#### What to produce:
Give again, word for word, the line holding "山東省青島市の「サクランボ」がデザインされた街路燈" and every line after it through the end of the data below. Omit pictures.
---*---
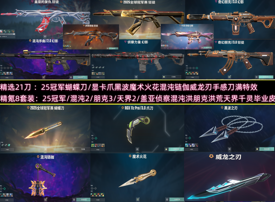 精选21刀8套:盖亚侦察混沌紫阙洪荒冠军混沌2朋克3❤️25冠军蝴蝶刀显卡爪黑波魔术火花混沌链伽威龙
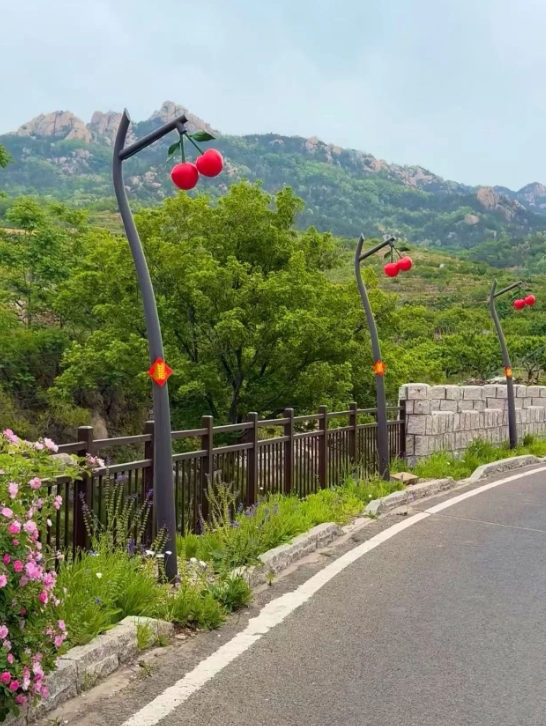 山東省青島市の「サクランボ」がデザインされた街路燈
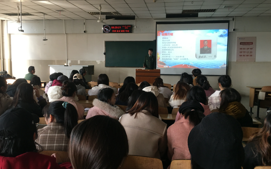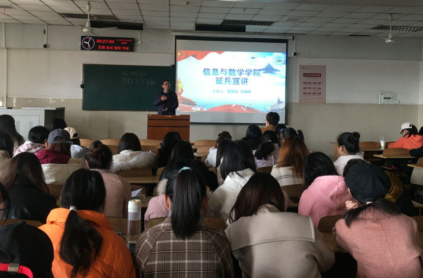(通讯员 黄晓良)为响应国家号召,鼓励毕业老员工投身军营。11月25日上午9时,英国365集团网站于12教202举办了“2022届毕业生征兵宣讲”活动,出席本次活动的有公司党委副书记袁海山,辅导员严星、黄何老师以及全体2022届毕业生。本次大会由副书记袁海山主持。
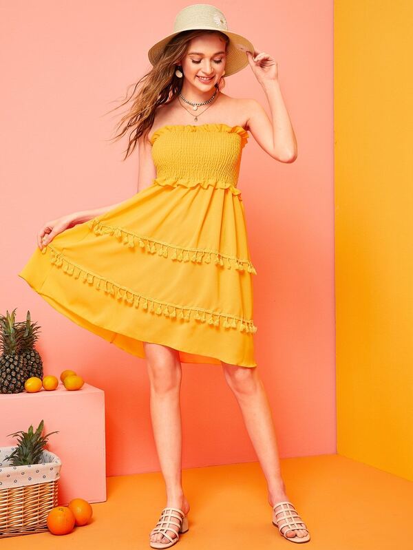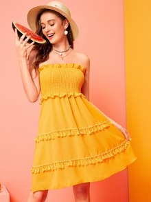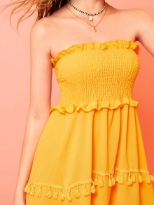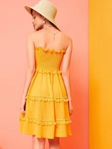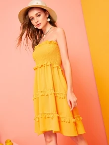 Abito bandana monocolore con volant e nappa
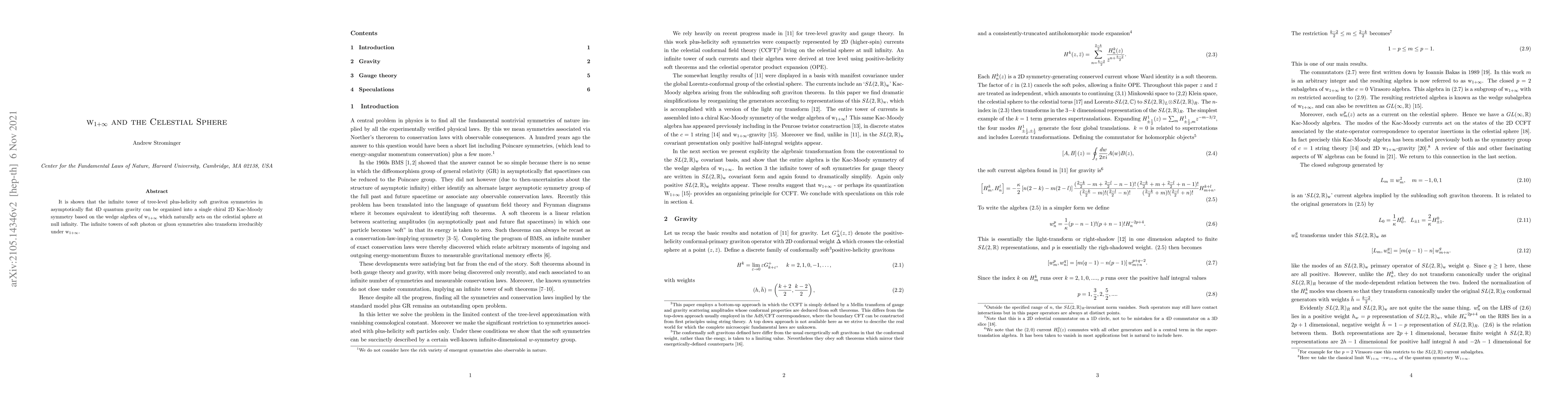This paper demonstrates that the infinite tower of soft graviton symmetries in 4D quantum gravity can be unified into a single chiral 2D Kac-Moody symmetry based on the w(1+infinity) wedge algebra, with similar transformations observed for soft photons and gluons.
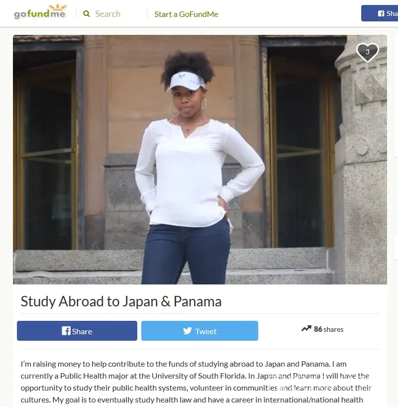 This is Naomi Alyce Williams who lives in Tampa, Florida and is from Buffalo, New York. She is on GoFundMe begging for money to study in Japan and Panama. Apparently she wants to also spread her hatred of anyone who isn't black to those countries as well.
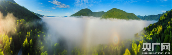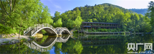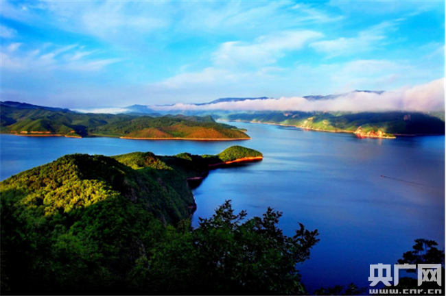 夏季的威虎山九寨绿树如玉,山风透过树荫,吹起一湖波澜,水汽在空中弥漫,风清水柔,舒展于云水之间。
---*---
#### Written solution:
 山東省青島市の「サクランボ」がデザインされた街路燈
(通讯员 黄晓良)为响应国家号召,鼓励毕业老员工投身军营。11月25日上午9时,英国365集团网站于12教202举办了“2022届毕业生征兵宣讲”活动,出席本次活动的有公司党委副书记袁海山,辅导员严星、黄何老师以及全体2022届毕业生。本次大会由副书记袁海山主持。
 Abito bandana monocolore con volant e nappa
This paper demonstrates that the infinite tower of soft graviton symmetries in 4D quantum gravity can be unified into a single chiral 2D Kac-Moody symmetry based on the w(1+infinity) wedge algebra, with similar transformations observed for soft photons and gluons.
 This is Naomi Alyce Williams who lives in Tampa, Florida and is from Buffalo, New York. She is on GoFundMe begging for money to study in Japan and Panama. Apparently she wants to also spread her hatred of anyone who isn't black to those countries as well.
 夏季的威虎山九寨绿树如玉,山风透过树荫,吹起一湖波澜,水汽在空中弥漫,风清水柔,舒展于云水之间。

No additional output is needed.